Matcha Raspberry Chia Pot

4 Hr

Charred Zucchini  LoadingAdd to Favourites list

Green List 2 servings

Nutrition

110 Kcal
8g Fat
9g Carbs
6g Net Carbs
7g Sugars
4g Protein

Charred Zucchini is a versatile and quick-to-make addition to your meals, perfect for any time of the day. Whether you top it on an omelet, slice it into a refreshing salad, or serve it alongside your favorite dish, this simple vegetable packs a punch in terms of flavor and health benefits.

Zucchini is rich in potassium, an essential electrolyte that helps maintain a healthy fluid balance in the body. Potassium is vital for heart function, muscle contractions, and overall hydration. Additionally, the phytonutrients found in zucchini promote bowel regularity, making it a great choice for digestive health and to support healthy gut function.

Zucchini is also a powerhouse when it comes to reducing cholesterol, lowering the risk of heart attacks, and improving metabolic balance. Its low-calorie content and high water content make it an ideal vegetable for those following a healthy, anti-inflammatory diet, such as the Eat Burn Sleep lifestyle.

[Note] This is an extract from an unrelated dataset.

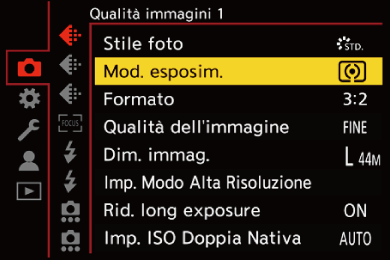 button_menu-set character_arrow [icon_picture]/[icon_movie] character_arrow [icon_photo-quality] character_arrow Selezionare [Mod. esposim.]

Not only is charred zucchini full of nutrients, but it is also incredibly easy to prepare. Simply slice it, char it on the grill or in a pan, and enjoy its smoky flavor that perfectly complements other anti-inflammatory dishes. It’s a fast and delicious way to increase your vegetable intake without spending much time in the kitchen.

This healthy, nutrient-dense vegetable is ideal for anyone looking to eat mindfully, support their digestive health, and enhance their overall wellness with minimal effort. Charred zucchini makes it easy to add more goodness to your meals, all while keeping it simple, nutritious, and flavorful.

Ingredients

  • 3 medium-sized zucchini
  • 1/2 tsp of sea salt
  • A crunch of black pepper
  • 1 tbsp of olive oil

Directions

  1. Preheat your oven (fan oven) on the grill/broiler mode. Cut the zucchini lengthwise and place in a baking dish. Sprinkle with sea salt, a scrunch of black pepper, and drizzle the olive oil.

  2. Place under the grill for 10 minutes or until it darkens. Take out of the oven and serve immediately as a side dish.

Storage Tips

This dish can be prepared in advance. It keeps in the fridge for up to 2 days.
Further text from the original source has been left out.